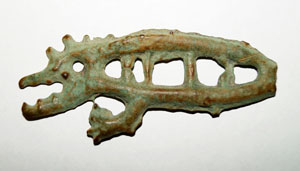 В апреле — мае 2012 года экспедиция Новосибирского государственного краеведческого музея в рамках проекта «В поисках утраченного» исследовала памятники археологии, разрушенные водами Новосибирского водохранилища. Ученые составили большую коллекцию различных предметов, включая культовое бронзовое литье. Наиболее интересной находкой является плоская ажурная фигурка фантастического животного эпохи раннего железного века, в которой, если не рассматривать ее детально, можно угадать крокодила. В то же время, при более пристальном исследовании в изображении можно найти черты наиболее популярного в мифологии и в художественном ремесле образа лося, который связан с мотивом сотворения мира или с началом чьего-то рода. Данная находка уникальна и интересна тем, что принадлежит к кулайской культуре. Ранее подобные предметы в Новосибирском Приобье почти не находили, поскольку ажурное кулайское литье характерно для памятников таежных районов Томской области.
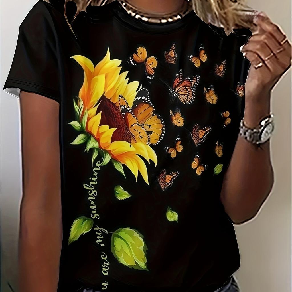 Футболка с коротким рукавом и принтом подсолнухов и бабочек, повседневная, с круглым вырезом, для весны и лета, женская одежда
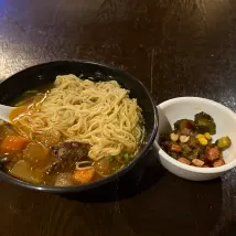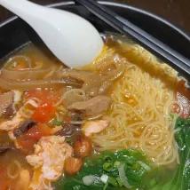 Завтрак ещё более восхитительный! Роллы с рисовой лапшой, креветочные клецки и каша – всё это настоящие кантонские вкусы, как и свежеприготовленная лапша и рисовая лапша, политые говяжьим супом, аромат которого просто жуёт! Также предлагаются хлеб в западном стиле, бекон и кофе, так что даже привередливые едоки найдут себе место.
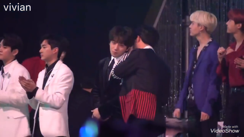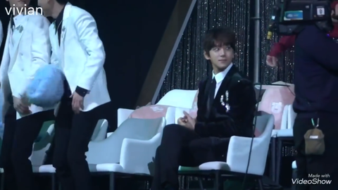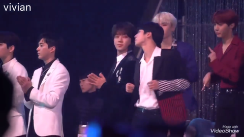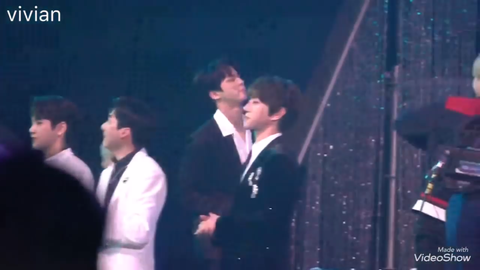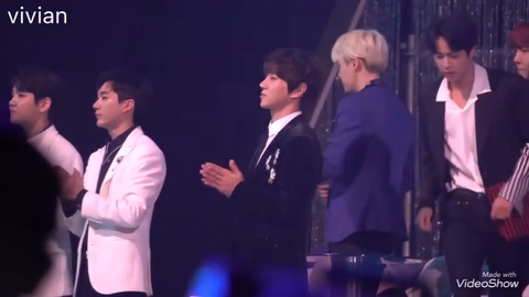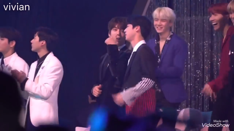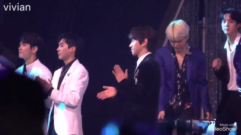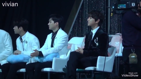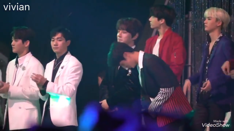 Because it was a upbeat stage, a few of them got up and Hwang Chiyeol started to look to his side
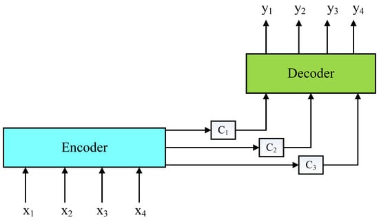 The sequence-to-sequence model has two parts: encoder and decoder. In the traditional Seq2Seq model, the encoder and decoder exchange data through an intermediate semantic vector, and the length of the semantic vector is fixed. When a long sequence of text is input into the encoder, with the encoding and decoding process, the feature information behind the text sequence will cover the feature information before it. We used an attention mechanism between the encoder and the decoder; the feature information of keywords can be retained in the input feature information of the decoder to the input sequence of the decoder, such as c2 in Figure 6. The training model selectively learns these outputs and finally associates them with the corresponding output sequence [25]. The structure diagram of the attention mechanism based on Seq2Seq is as follows:
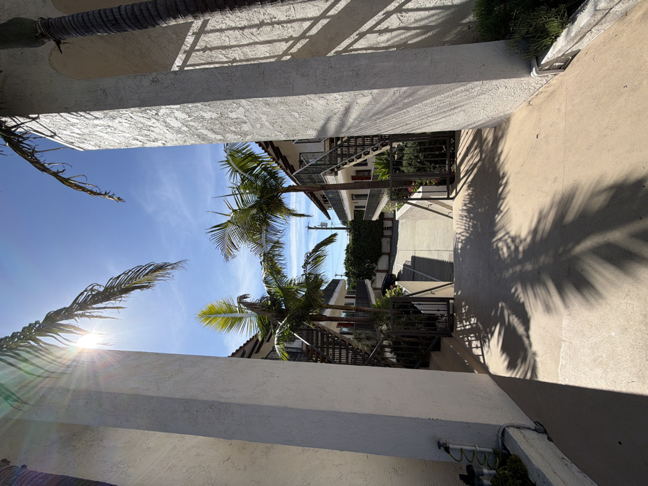 The image depicts an outdoor residential scene in Manhattan Beach, United States of America, under a clear blue sky with direct sunlight. The perspective is from within a passageway, framed by two thick, textured white stucco pillars or archways on the left and right foreground. A strong sun lens flare emanates from the upper left, casting distinct, elongated shadows of palm fronds across the light-colored paved ground. The scene opens into a courtyard or driveway flanked by two multi-story residential buildings with white stucco facades and brown-tiled roofs. Both buildings feature exterior black metal staircases leading to upper-floor balconies, also equipped with black metal railings. Numerous palm trees, varying in height and frond density, are strategically placed between the buildings and along the central pathway. In the midground, a dark metal gate system is visible on both sides, marking an entrance to a lower area. Green foliage, including various bushes and smaller plants, is present in planter boxes and garden beds bordering the buildings and gates. A green garden hose coiled around a spigot is attached to the lower left stucco wall. In the background, a paved driveway extends further into the complex, with a dark-colored vehicle partially visible on the left side, obscured by surrounding green hedges. Utility poles and overhead wires are faintly discernible against the distant sky. No individuals are present in the scene, and no overt actions or interactions are depicted.

====

**TASK**. With pictures excluded, output the listing above exactly as it stands.

**ANSWER BOX**.
 В апреле — мае 2012 года экспедиция Новосибирского государственного краеведческого музея в рамках проекта «В поисках утраченного» исследовала памятники археологии, разрушенные водами Новосибирского водохранилища. Ученые составили большую коллекцию различных предметов, включая культовое бронзовое литье. Наиболее интересной находкой является плоская ажурная фигурка фантастического животного эпохи раннего железного века, в которой, если не рассматривать ее детально, можно угадать крокодила. В то же время, при более пристальном исследовании в изображении можно найти черты наиболее популярного в мифологии и в художественном ремесле образа лося, который связан с мотивом сотворения мира или с началом чьего-то рода. Данная находка уникальна и интересна тем, что принадлежит к кулайской культуре. Ранее подобные предметы в Новосибирском Приобье почти не находили, поскольку ажурное кулайское литье характерно для памятников таежных районов Томской области.
 Футболка с коротким рукавом и принтом подсолнухов и бабочек, повседневная, с круглым вырезом, для весны и лета, женская одежда
 Завтрак ещё более восхитительный! Роллы с рисовой лапшой, креветочные клецки и каша – всё это настоящие кантонские вкусы, как и свежеприготовленная лапша и рисовая лапша, политые говяжьим супом, аромат которого просто жуёт! Также предлагаются хлеб в западном стиле, бекон и кофе, так что даже привередливые едоки найдут себе место.
 Because it was a upbeat stage, a few of them got up and Hwang Chiyeol started to look to his side
 The sequence-to-sequence model has two parts: encoder and decoder. In the traditional Seq2Seq model, the encoder and decoder exchange data through an intermediate semantic vector, and the length of the semantic vector is fixed. When a long sequence of text is input into the encoder, with the encoding and decoding process, the feature information behind the text sequence will cover the feature information before it. We used an attention mechanism between the encoder and the decoder; the feature information of keywords can be retained in the input feature information of the decoder to the input sequence of the decoder, such as c2 in Figure 6. The training model selectively learns these outputs and finally associates them with the corresponding output sequence [25]. The structure diagram of the attention mechanism based on Seq2Seq is as follows:
 The image depicts an outdoor residential scene in Manhattan Beach, United States of America, under a clear blue sky with direct sunlight. The perspective is from within a passageway, framed by two thick, textured white stucco pillars or archways on the left and right foreground. A strong sun lens flare emanates from the upper left, casting distinct, elongated shadows of palm fronds across the light-colored paved ground. The scene opens into a courtyard or driveway flanked by two multi-story residential buildings with white stucco facades and brown-tiled roofs. Both buildings feature exterior black metal staircases leading to upper-floor balconies, also equipped with black metal railings. Numerous palm trees, varying in height and frond density, are strategically placed between the buildings and along the central pathway. In the midground, a dark metal gate system is visible on both sides, marking an entrance to a lower area. Green foliage, including various bushes and smaller plants, is present in planter boxes and garden beds bordering the buildings and gates. A green garden hose coiled around a spigot is attached to the lower left stucco wall. In the background, a paved driveway extends further into the complex, with a dark-colored vehicle partially visible on the left side, obscured by surrounding green hedges. Utility poles and overhead wires are faintly discernible against the distant sky. No individuals are present in the scene, and no overt actions or interactions are depicted.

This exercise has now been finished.